Historians often hope that digitized texts will enable better, faster comparisons of groups of texts. Now that at least the 1grams on Bookworm are running pretty smoothly, I want to start to lay the groundwork for using corpus comparisons to look at words in a big digital library. For the algorithmically minded: this post should act as a somewhat idiosyncratic approach to Dunnings Log-likelihood statistic. For the hermeneutically minded: this post should explain why you might need _any_ log-likelihood statistic.

What are some interesting, large corpuses to compare? A lot of what well be interested in historically are subtle differences between closely related sets, so a good start might be the two Library of Congress subject classifications called History of the Americas, letters E and F. The Bookworm database has over 20,000 books from each group. Whats the difference between the two? The full descriptions could tell us: but as a test case, it should be informative to use only the texts themselves to see the difference.

That leads a tricky question. Just what does it mean to compare usage frequencies across two corpuses? This is important, so let me take this quite slowly. (Feel free to skip down to Dunning if you just want the best answer Ive got.) Im comparing E and F: suppose I say my goal to answer this question:

What words appear the most times more in E than in F, and vice versa?

Theres already an ambiguity here: what does times more mean? In plain English, this can mean two completely different things. Say E and F are exactly the same overall length (eg, each have 10,000 books of 100,000 words). Suppose further presbygational (to take a nice, rare, American history word) appears 6 times in E and 12 times in F. Do we want to say that it appears two times more (ie, use multiplication), or six more times (use addition)?

It turns out that neither of these simple operations works all that well. In the abstract, multiplication probably sounds more appealing; but it turns out to only catch extremely rare words. In our example set, here are the top words that distinguish E from F by multiplication, by occurences in E divided by occurrences in F. For example, gradualism appears 61x more often in E than in F.

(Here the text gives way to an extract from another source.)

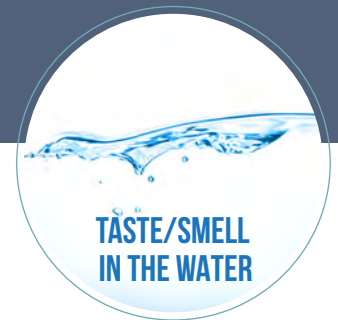
TASTE/SMELL IN THE WATER

Particles and sediment resulting from changes or activities in the water distribution system such as the flushing of water.

daimyo        aftre    exercitum intransitive      castris        1994a
   114.00000    103.00000    101.00000     82.33333     81.66667     77.00000
       sherd        infti   gradualism  imperforate      equitum       brynge
    71.71429     66.00000     61.00000     59.33333     57.00000     56.00000

(BWT, I simply omit the hundreds of words that appear in E but never appear in F; and I dont use capitalized words because they tend to _very_ highly concentrated and in fictional works in particular can cause very strange results. Yes, thats not the best excuse.)

So what about addition? Compensating for different corpus sizes, its also pretty easy to find out the number of more occurrences than wed expect based on the previous corpus. (For example, not appears about 1.4 million more times than wed expect in E given the number of times it appears in F and the total number of words in E.)

to      that       the       not       had        it
3432895.3 2666614.4 2093465.8 1427220.8 1360559.0 1342948.2
       be   general        we       but       our     would
1208340.5  990988.4  974849.0  841842.6  819680.5  798426.0

Clearly, neither of these is working all that well. Basically, the first group are so rare they dont tell us much: and the second group, with the intriguing addition of general, are so common as to be uninformative. (Except maybe for our; more on that later). Is there any way to find words that are interesting on _both_ counts?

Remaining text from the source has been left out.